Data is free to those who join LDC for these years.
- Nonmember price - USD price for non-members if corpus available
to non-members
- Non-member license - the license non-members must sign to acquire
this data
- Member license - the license members must sign to acquire this
data, normally not applicable.
- ReadMe File - pointer to release notes where available
- Corpus Documentation - pointer to corpus documentation where
available
- Online Retrieval - pointer to web-accessible copy of the data
where available
Overall nature of the corpus
- What is the primary motivation for producing the corpus? What type(s)
of research does it support?
- Was the corpus created by a specific person or organization? Who are
the authors/sponsors?
- Has the data been formatted or annotated for any specific project
or research program?
Licensing Details
- What are the terms under which one accesses the data?
- Is the corpus an update, extension or revision of an earlier corpus?
If so, do users of the earlier version also have rights to the new version?
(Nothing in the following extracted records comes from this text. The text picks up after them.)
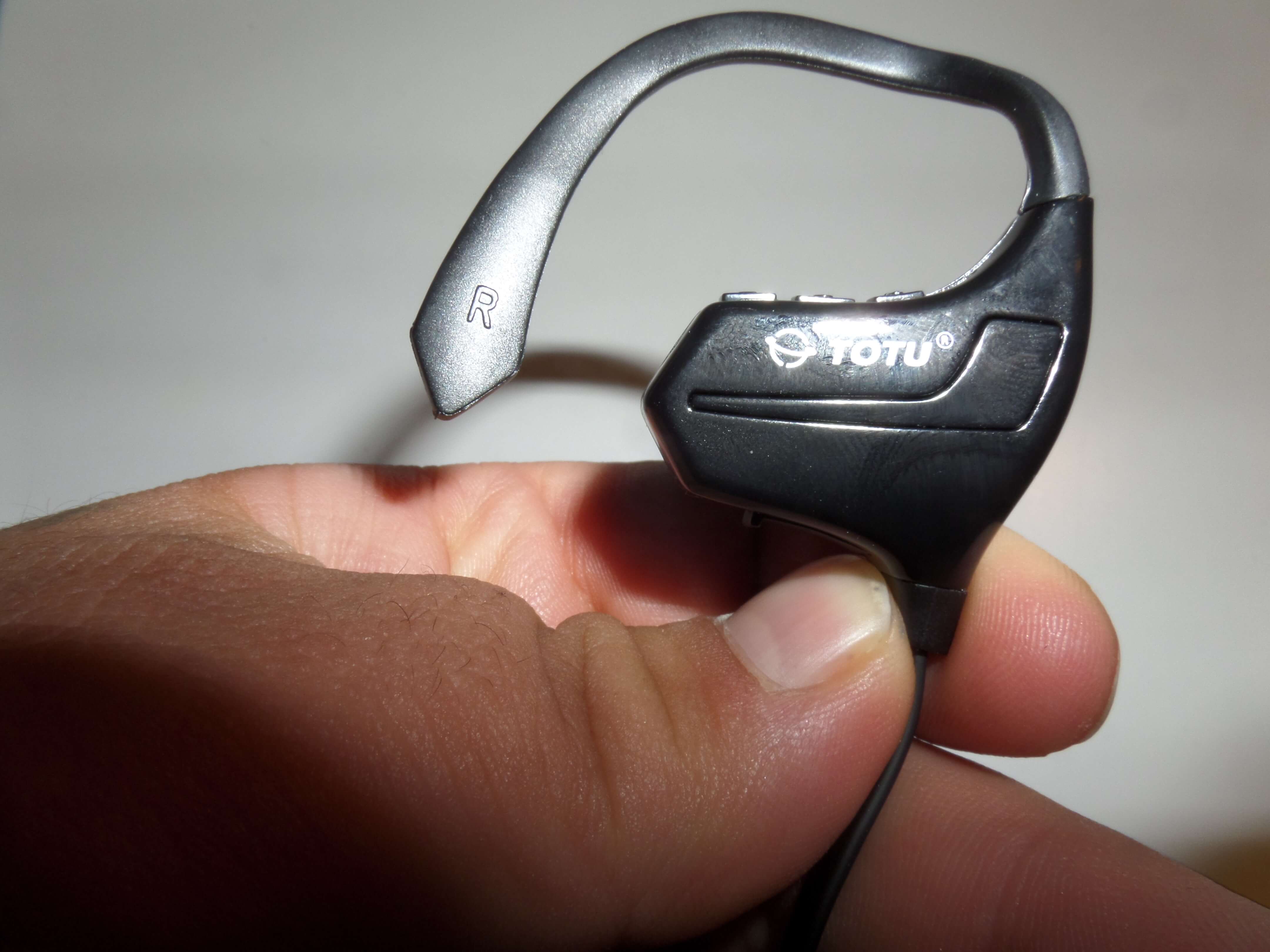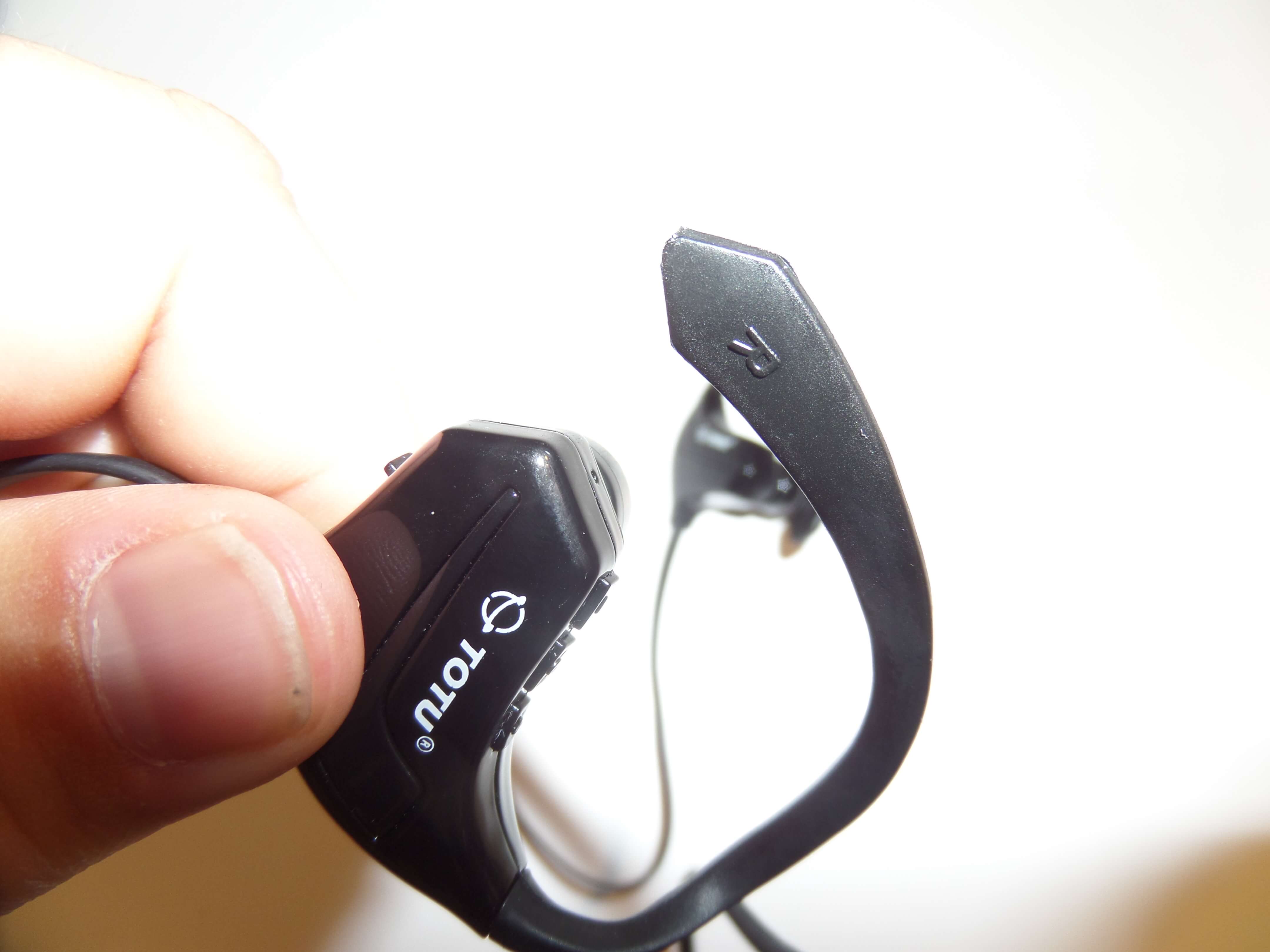 They claim it is waterproof. I would say that it is water resistant and sweat proof. I would not dunk these in the river. The headset is a sleek black color with a half shape hook that will loop around your ears. You also have a very nice length of cord that can reach around larger necks. I have had issues with other brands not having enough length and making me feel uncomfortable. Each side of the Earbud is labeled left or right with an R or L.
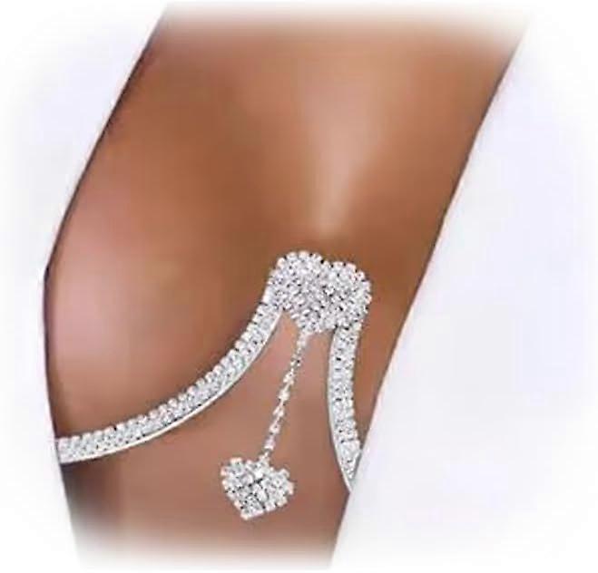 Rhinestone Chest Bracket Chain Trendy Crystal Heart Pendant Bra Chain y Bikini Body Chain Jewelry for Women Silver
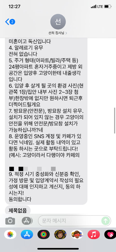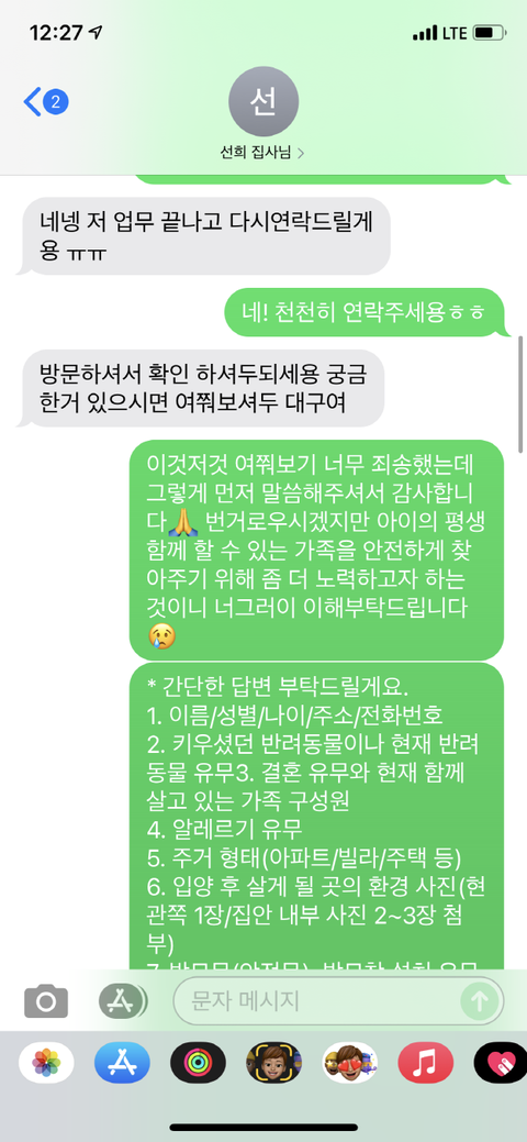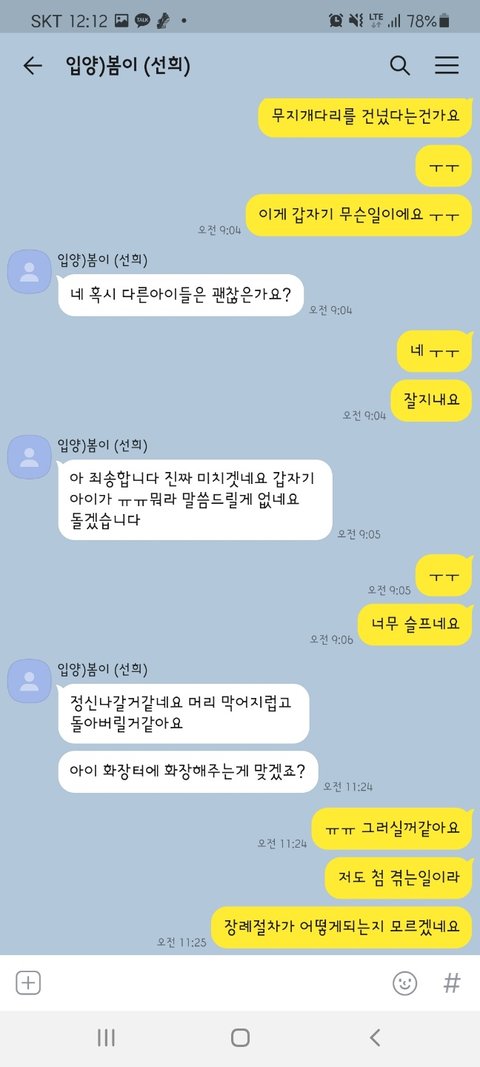 그러던 중 가해자가 입양하겠다고 연락이 왔고 처음 입양 보내는 거라 잘 몰라서 입양 절차도 찾아도 보고 저 나름대로 입양하는 사람이 어떤 사람인지 알아보기 위해 여러 가지 질문을 하는 등 노력했습니다.
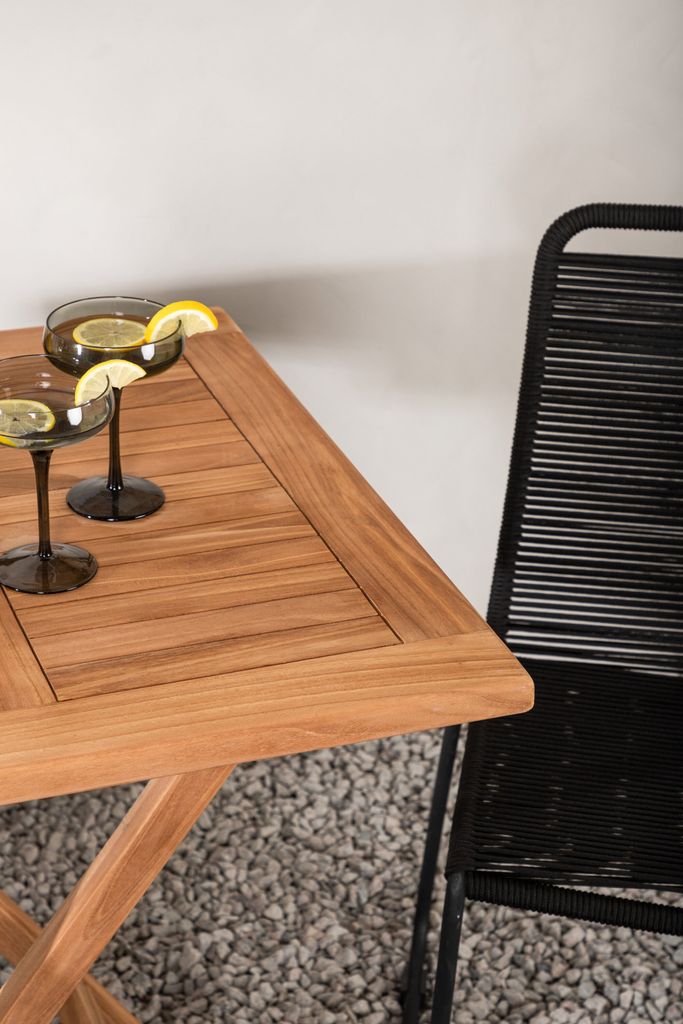 Charmig matgrupp i teak och svart aluminium, perfekt för uteplatser. Inkluderar ett rektangulärt cafébord och två stilrena stolar.
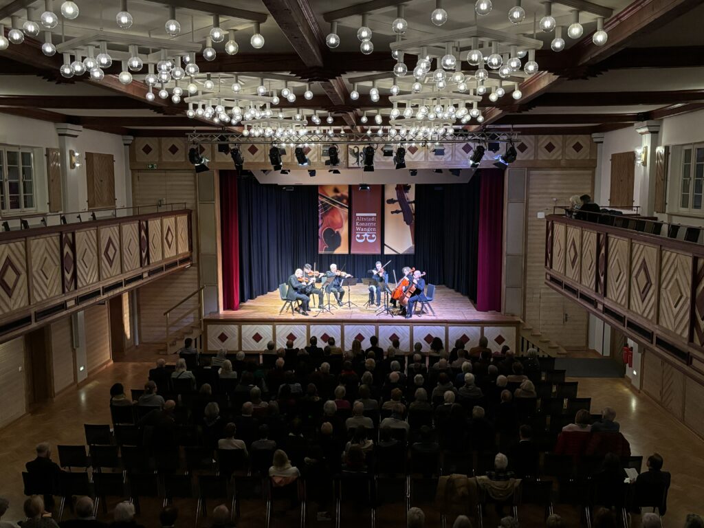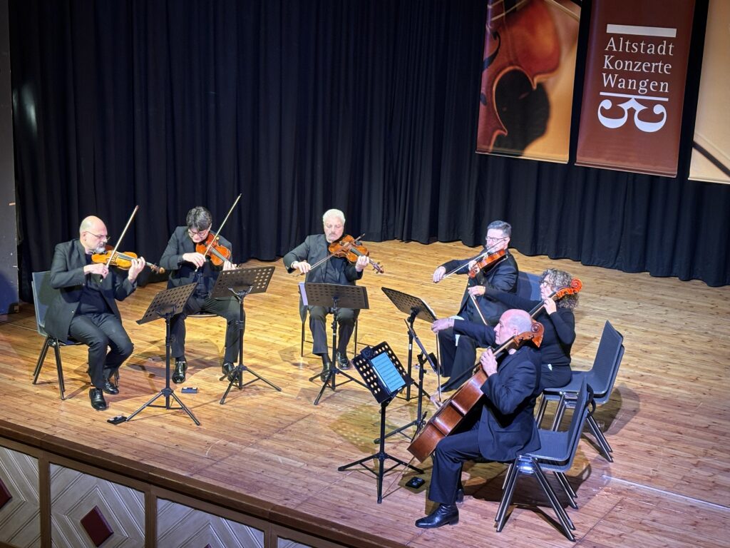 Am 22. Januar in Wangen interpretierte das Streichersextett Werke der Komponisten Luigi Boccherini, Ernst von Dohnányi und Antonín Dvořák. Im Programmheft ist von einem „einzigartigen Zusammenspiel, das von Harmonie und spürbarer musikalischer Leidenschaft geprägt ist“ die Rede. Tatsächlich füllt die Musik den Raum und lässt ihn strahlen. Zwei Stunden inklusive Pause tauchen die Zuhörinnen und Zuhörer ein in langsam „gehendes“ Tempo, das durch „schnell und lebhafte“ Begeisterung und tänzerischen Rhythmus abgelöst wird. Am Ende gibt es jeweils das große Finale.

- Is the corpus part of a sequence? If so, does it complement or replace
the earlier version?
- Is the corpus part of a set? If so, can it be acquired individually
or only along with other components?
Source Data
- What are the sources of the raw data?
- For broadcast news, provide
- language/variety
- geographic location
- provider names
- original format/encoding
- collection dates
- how collected
- For live recordings, provide
- language/variety
- geographic location
- demographic information about subjects (age, gender, region)
- types of recording devises used
- collection protocol
- For lexicons, provide
- sources of individual entries (broadcast transcripts, conversation
transcripts, newswire, etc)
- number of entries
- definition of fields in each entry
- orthographic form
- romanization where appropriate
- pronunciation
- part of speech or morphological analysis
- gloss
- frequency information
- For speech data, provide audio format, sampling rate and quantization.
- For text data, provide character encoding and markup specification.
Annotation
- What was the goal of the annotation?
- Who performed the annotation (native speakers? what skill level/training
required)
- What were the annotators instructed to do?
- What software was available to support the annotation? Can one acquire
this software?
- What was the level of inter-annotator agreement?
Distribution
- What is the size of the corpus in bytes, characters, words or pieces
of media (CD) as appropriate?
- How is the distribution media/archive organized (directory/file structure)?
- How are the directories and files named?
- What unit is contained in an individual file?
- How is content organized and formatted within a file?
- Is there an index file that indicates how the data is partitioned?
- What kind of software is or was used to access or process the data?
How does one acquire that software?
- Is there documentation available separately?
- Who is the contact for the corpus?
|
|